** Supplied material **
═══

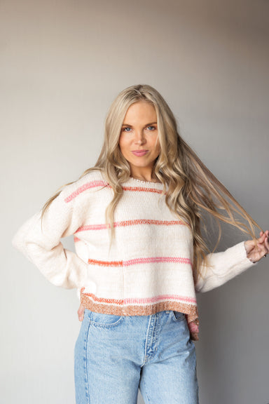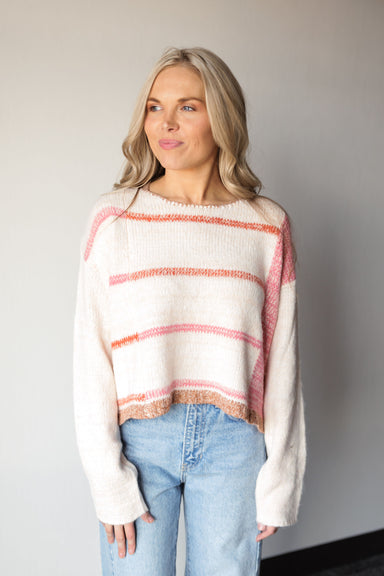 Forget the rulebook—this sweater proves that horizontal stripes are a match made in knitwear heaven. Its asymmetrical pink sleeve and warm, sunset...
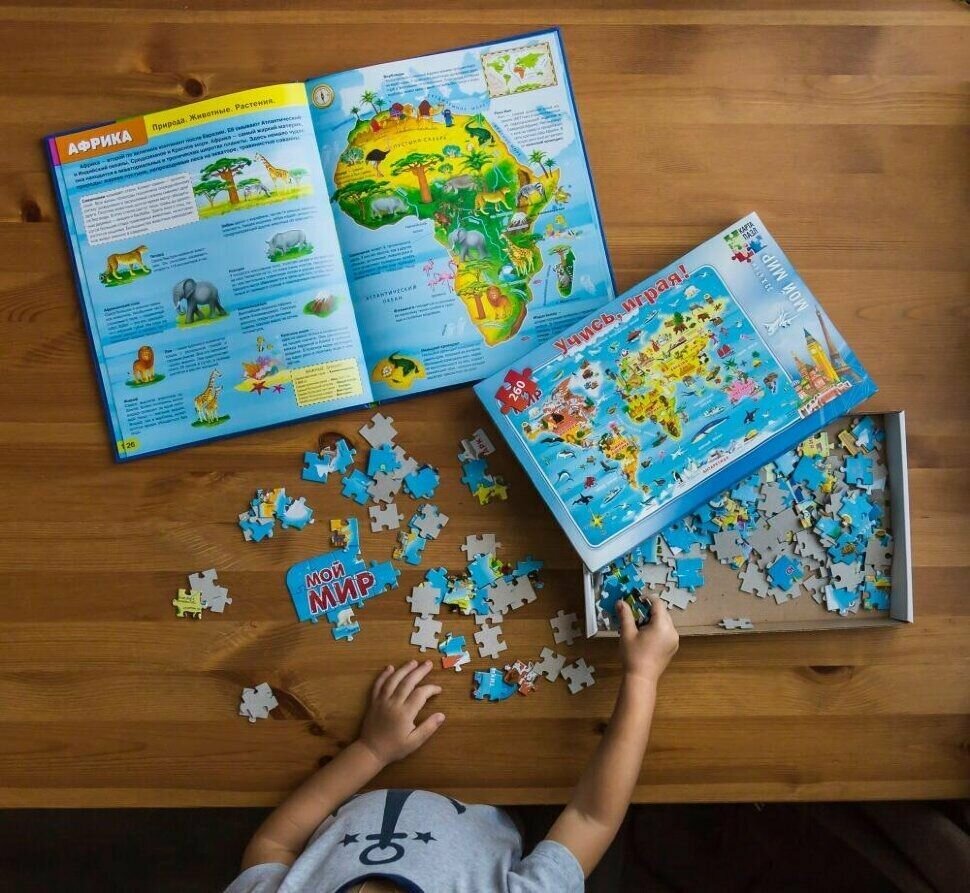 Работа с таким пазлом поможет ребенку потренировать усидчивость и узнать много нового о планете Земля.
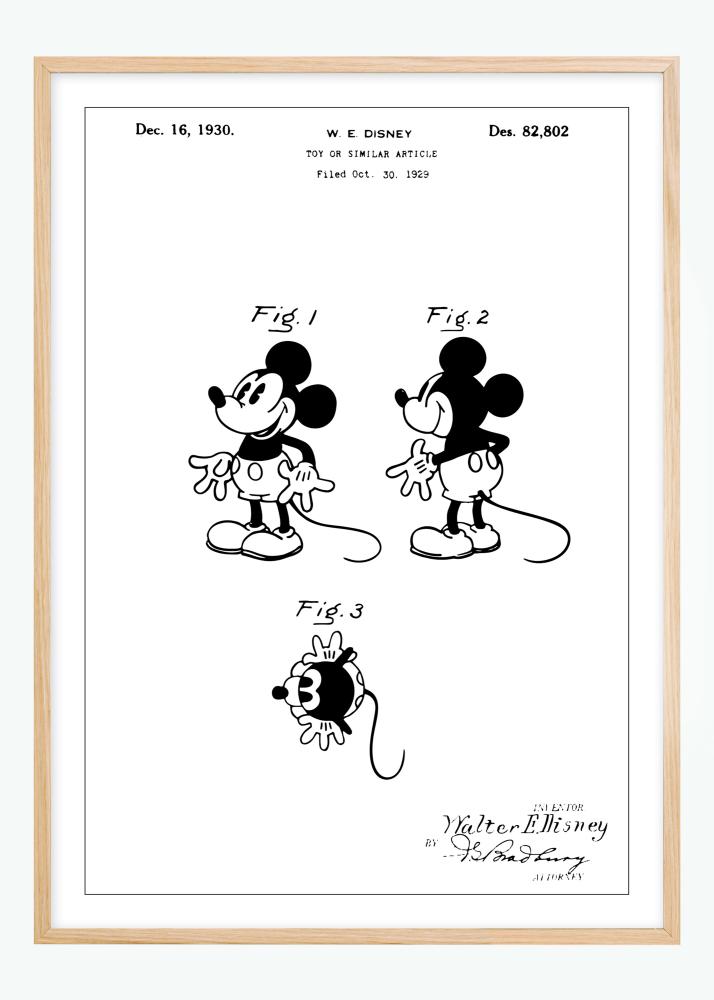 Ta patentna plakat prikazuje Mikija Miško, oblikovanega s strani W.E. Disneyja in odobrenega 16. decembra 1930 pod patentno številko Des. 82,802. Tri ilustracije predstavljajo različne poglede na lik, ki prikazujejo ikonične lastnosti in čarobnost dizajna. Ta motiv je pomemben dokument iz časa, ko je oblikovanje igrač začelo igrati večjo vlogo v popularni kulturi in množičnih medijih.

═══

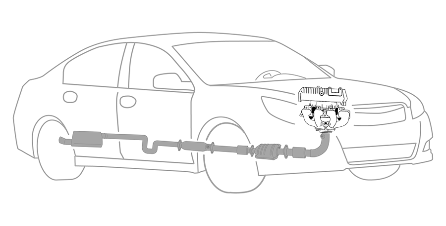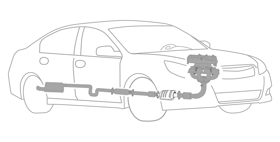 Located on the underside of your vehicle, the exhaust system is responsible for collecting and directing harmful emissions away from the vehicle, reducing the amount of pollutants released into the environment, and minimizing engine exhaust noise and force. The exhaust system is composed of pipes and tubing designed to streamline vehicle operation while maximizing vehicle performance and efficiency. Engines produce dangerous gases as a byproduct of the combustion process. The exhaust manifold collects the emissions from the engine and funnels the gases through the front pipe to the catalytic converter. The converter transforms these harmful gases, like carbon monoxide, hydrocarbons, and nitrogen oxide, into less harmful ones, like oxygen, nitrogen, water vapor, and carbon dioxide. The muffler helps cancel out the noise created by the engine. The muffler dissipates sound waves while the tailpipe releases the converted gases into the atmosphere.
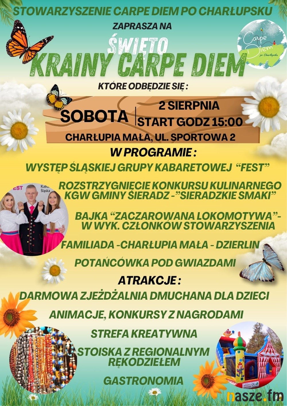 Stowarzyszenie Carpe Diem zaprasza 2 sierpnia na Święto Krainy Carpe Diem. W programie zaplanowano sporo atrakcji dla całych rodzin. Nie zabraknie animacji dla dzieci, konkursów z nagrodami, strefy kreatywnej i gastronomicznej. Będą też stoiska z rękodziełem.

═══

** Exercise objective **
Going back to the data above, write out everything from the line with "Forget the rulebook—this" down to the line with "Ta patentna plakat", both included, leaving every picture out.

** Expected output **
 Forget the rulebook—this sweater proves that horizontal stripes are a match made in knitwear heaven. Its asymmetrical pink sleeve and warm, sunset...
 Работа с таким пазлом поможет ребенку потренировать усидчивость и узнать много нового о планете Земля.
 Ta patentna plakat prikazuje Mikija Miško, oblikovanega s strani W.E. Disneyja in odobrenega 16. decembra 1930 pod patentno številko Des. 82,802. Tri ilustracije predstavljajo različne poglede na lik, ki prikazujejo ikonične lastnosti in čarobnost dizajna. Ta motiv je pomemben dokument iz časa, ko je oblikovanje igrač začelo igrati večjo vlogo v popularni kulturi in množičnih medijih.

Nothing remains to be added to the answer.